One of the techniques Paré is referring to is braising. Look out for their short rib meatballs, which are braised and then fried to give them a bit of crunch on the outside and a juicy richness inside. It's a tasty second-course option with San Marzano tomatoes and pecorino cheese.

They’re also famous for their tagliatelle bolognese, braised for eight hours in a carefully crafted stock. This sauce is less about the tomatoes and more about the richness of the meat, perfectly coats the fresh pasta, and is topped with Parmigiano cheese. Choose a classic tiramisu or luscious panna cotta as a sweet treat to round out this four-course Italian extravaganza.  quattrorestaurants.com

ImageImage
ImageImage

Mekong

There’s nothing like the fragrant, warming spices of Thai food in the fall. And that’s why you’ll find Chef Bonnie Khummuang’s gaeng lamb shank massaman and gaeng gari Brome Lake duck confit curries on Mekong’s fall dining menu.

“In Thailand, food is all about family and sharing,” explains Khummuang. “In the fall, when it’s a little quieter in Whistler, I like to come out of the kitchen and connect with people, [and] tell them about the food they are eating. It’s a lovely time of year.”

Khummuang marries local produce with Thai ingredients and uses cooking techniques from her multicultural team.

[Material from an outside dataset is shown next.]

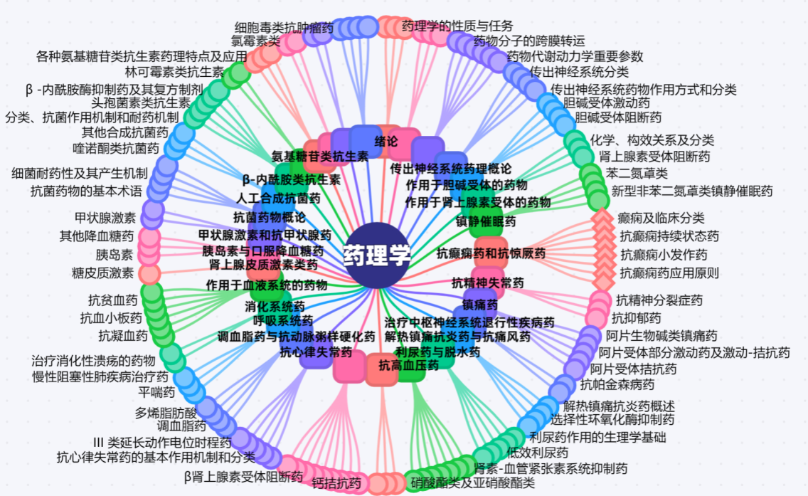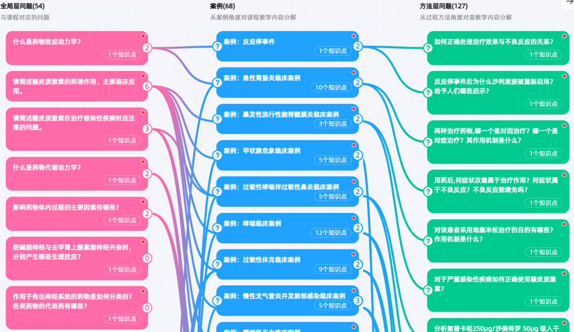 在《药理学》课程的知识图谱构建中,课程团队采用了“临床用药案例驱动”的教学特色,通过将核心知识与实际临床用药案例结合,推动学生的主动学习和应用能力。学生在解决临床病例时,不仅学习基础药理学知识,还通过各种案例,深入理解药物的作用机制及不良反应。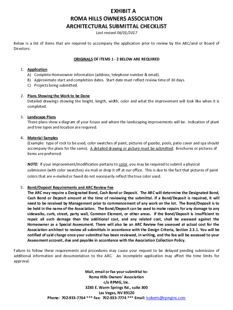 EXHIBIT A ROMA HILLS OWNERS ASSOCIATION ARCHITECTURAL SUBMITTAL CHECKLIST Last revised 06/01/2017 Below is a list of items that are required to accompany the application prior to review by the ARC/and

Gathering produce from Brew Creek Farm, just south of Whistler, and North Arm Farm in Pemberton, you’ll find the floral scent of lemongrass added to earthy mushrooms and potatoes, ingredients not typically found in Thai cooking.

“I went back to Thailand this summer and surprised my mother when she opened the trunk of my brother’s car,” Khummuang says with a laugh. “Friends are considered family in Thailand, and the first thing you ask someone is, ‘Have you eaten?’ It shows you care. I gathered a lot of inspiration at home and can’t wait to share that with Whistler this fall and winter.”

The care that Khummuang mentions is evident in the carefully crafted dishes at Mekong. Join them for their fall three-course for $38 menu, which is offered daily. 88mekong.com

After speaking with these award-winning Whistler restaurants, I found a few things abundantly clear. There’s a dedicated passion for their craft and local produce, an appreciation for their guests, whether local or visiting, and excitement you’ll only feel if you pick up a knife and fork at one of their establishments this fall.